A médica infectologista Sylvia Lemos Hinrichsen, professora do Departamento de Medicina Tropical e Doenças Infecciosas na Universidade Federal de Pernambuco, diz que ninguém sabe ainda como o país vai ficar após esse período de aglomerações. “Principalmente em cidades do Nordeste, no Rio de Janeiro e em São Paulo, que têm festas com maior número de pessoas, temos que observar e ficar atentos não só para Covid, mas principalmente para as doenças que estão ligadas a relações sexuais desprotegidas e aquelas causadas por contato.” Mas a infectologista destaca que a pandemia ainda não terminou. “A Covid só tem três anos e o tempo da ciência muitas vezes é longo. Nós estamos ainda aprendendo a conviver com a doença. É importante lembrar que o vírus ainda circula e, por isso, a higienização das mãos é fundamental.”

1919 NOVIDADE: o Cordão do Bola Preta surgiu no primeiro Carnaval depois da Gripe Espanhola (Crédito:Divulgação)
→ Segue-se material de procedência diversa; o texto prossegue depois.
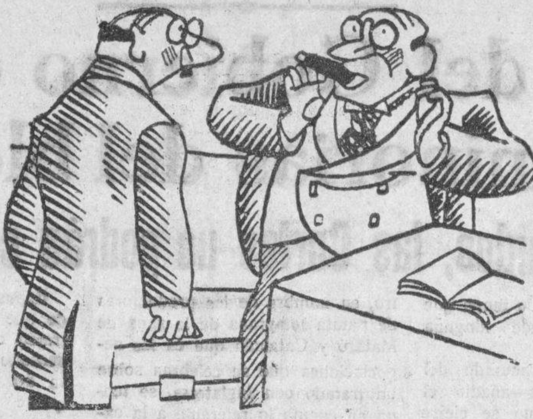
EDITOR Y NOVELISTA —La gente no tiene tiempo para leer. Hay que decirse todo rápidamente. En la próxima novela, el final sitúe usted al comenzar. (Candide)

A preocupação da médica também exibe ecos de 1919. Depois de números baixos de contágio no início do ano, o Carnaval fez a quantidade de infectados aumentar bastante, quase provocando uma nova onda na cidade. Na época, foi criado até o verbo “espanholou”. As pessoas diziam que fulano foi brincar o Carnaval e aí “espanholou”. Outra expressão ficou popular por algum temo, que era chamar os festejos de 1919 de “o Carnaval das perucas”. Muitos que sobreviveram à Gripe Espanhola perderam os cabelos na convalescência, o que levou o comércio a recordes na venda de perucas.

Não foi apenas o entusiasmo exagerado que marcou o ano. Os blocos carnavalescos de rua da maneira como são vistos hoje surgiram ali. Antes, desfilavam grandes grupos chamados de sociedades, criados pela elite carioca endinheirada. Havia também os corsos, desfiles de carros alegóricos que despejavam confete e serpentina sobre seus seguidores, em mais uma iniciativa da classe alta carioca. A festa de 1919 marcou o surgimentos de organizações muito semelhantes aos blocos atuais, como o Cordão do Bola Preta, que começou naquele ano e segue em atividade até hoje.